## [EXERCISE DIRECTIONS]
Go to the line holding "Bring modern simplicity" in the entries below and write out exactly every line down to and including the line holding "オールレースカットストリング育乳脇高ブラジャー&バック透けフルバックショーツ".

Dataset excerpts

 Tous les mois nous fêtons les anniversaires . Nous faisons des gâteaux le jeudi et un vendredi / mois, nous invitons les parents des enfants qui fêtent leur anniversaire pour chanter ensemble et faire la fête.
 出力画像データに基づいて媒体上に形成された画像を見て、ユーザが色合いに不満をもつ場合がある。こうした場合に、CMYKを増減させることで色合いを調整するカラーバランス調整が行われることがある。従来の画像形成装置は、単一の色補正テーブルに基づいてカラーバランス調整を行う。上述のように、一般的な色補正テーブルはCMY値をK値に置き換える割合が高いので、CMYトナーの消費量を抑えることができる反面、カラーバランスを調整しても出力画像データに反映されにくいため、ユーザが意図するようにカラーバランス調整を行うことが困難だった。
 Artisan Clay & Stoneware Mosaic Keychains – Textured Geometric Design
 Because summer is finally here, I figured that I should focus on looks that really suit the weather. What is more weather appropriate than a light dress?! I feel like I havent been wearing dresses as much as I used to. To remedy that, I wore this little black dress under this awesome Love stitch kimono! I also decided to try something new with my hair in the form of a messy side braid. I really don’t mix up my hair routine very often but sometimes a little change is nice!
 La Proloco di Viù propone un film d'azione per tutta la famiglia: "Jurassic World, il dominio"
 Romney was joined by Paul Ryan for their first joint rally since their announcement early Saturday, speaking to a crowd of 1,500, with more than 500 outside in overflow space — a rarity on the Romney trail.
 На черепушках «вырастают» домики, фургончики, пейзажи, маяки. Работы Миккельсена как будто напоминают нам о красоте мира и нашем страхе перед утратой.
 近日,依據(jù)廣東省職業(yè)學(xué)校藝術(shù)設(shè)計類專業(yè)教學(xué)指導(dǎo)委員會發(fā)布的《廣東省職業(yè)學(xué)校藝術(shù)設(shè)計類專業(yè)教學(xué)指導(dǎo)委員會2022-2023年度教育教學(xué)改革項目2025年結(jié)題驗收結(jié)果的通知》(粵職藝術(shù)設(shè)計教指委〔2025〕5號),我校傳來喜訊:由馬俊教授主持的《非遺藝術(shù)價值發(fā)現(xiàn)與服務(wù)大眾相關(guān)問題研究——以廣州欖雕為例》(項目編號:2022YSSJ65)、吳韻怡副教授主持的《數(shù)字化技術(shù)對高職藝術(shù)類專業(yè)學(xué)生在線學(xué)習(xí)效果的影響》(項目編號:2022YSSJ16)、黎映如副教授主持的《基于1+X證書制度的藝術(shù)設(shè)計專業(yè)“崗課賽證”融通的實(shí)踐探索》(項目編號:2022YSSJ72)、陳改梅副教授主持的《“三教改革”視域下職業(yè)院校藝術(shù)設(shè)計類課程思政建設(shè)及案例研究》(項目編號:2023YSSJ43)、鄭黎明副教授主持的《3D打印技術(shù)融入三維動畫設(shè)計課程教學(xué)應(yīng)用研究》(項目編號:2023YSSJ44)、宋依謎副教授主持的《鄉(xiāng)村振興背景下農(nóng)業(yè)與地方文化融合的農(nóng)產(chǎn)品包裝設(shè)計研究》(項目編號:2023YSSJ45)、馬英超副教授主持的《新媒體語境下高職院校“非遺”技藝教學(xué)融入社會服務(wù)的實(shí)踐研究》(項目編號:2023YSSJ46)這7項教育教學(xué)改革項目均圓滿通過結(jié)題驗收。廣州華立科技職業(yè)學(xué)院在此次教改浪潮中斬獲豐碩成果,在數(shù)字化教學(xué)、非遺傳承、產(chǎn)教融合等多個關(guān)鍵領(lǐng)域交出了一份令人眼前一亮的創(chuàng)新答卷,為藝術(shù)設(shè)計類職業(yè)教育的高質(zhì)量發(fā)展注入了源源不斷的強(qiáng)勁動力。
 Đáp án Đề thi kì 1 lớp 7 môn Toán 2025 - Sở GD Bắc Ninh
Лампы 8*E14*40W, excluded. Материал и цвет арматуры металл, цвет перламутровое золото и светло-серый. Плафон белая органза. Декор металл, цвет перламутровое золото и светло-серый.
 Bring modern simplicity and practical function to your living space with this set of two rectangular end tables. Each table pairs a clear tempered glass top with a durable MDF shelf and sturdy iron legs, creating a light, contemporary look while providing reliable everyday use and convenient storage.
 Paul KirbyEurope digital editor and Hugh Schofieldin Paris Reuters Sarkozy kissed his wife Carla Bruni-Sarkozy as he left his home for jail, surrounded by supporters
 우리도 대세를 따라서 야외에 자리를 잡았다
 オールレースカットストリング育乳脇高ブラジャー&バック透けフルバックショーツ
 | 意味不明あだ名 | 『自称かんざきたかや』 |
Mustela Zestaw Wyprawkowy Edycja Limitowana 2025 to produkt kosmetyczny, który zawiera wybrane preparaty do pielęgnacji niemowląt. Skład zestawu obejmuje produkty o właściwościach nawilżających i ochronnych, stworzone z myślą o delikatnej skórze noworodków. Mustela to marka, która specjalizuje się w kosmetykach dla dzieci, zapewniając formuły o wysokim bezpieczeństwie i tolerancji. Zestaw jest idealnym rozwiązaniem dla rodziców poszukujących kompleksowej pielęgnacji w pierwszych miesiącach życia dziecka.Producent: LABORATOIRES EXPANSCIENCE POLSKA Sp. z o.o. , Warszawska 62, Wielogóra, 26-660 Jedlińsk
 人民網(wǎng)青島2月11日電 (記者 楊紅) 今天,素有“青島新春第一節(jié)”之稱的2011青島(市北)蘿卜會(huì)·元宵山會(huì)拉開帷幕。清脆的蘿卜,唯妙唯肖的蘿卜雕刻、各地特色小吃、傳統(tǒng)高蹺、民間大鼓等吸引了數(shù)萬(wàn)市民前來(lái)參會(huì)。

## [EXERCISE OUTPUT]
 Bring modern simplicity and practical function to your living space with this set of two rectangular end tables. Each table pairs a clear tempered glass top with a durable MDF shelf and sturdy iron legs, creating a light, contemporary look while providing reliable everyday use and convenient storage.
 Paul KirbyEurope digital editor and Hugh Schofieldin Paris Reuters Sarkozy kissed his wife Carla Bruni-Sarkozy as he left his home for jail, surrounded by supporters
 우리도 대세를 따라서 야외에 자리를 잡았다
 オールレースカットストリング育乳脇高ブラジャー&バック透けフルバックショーツ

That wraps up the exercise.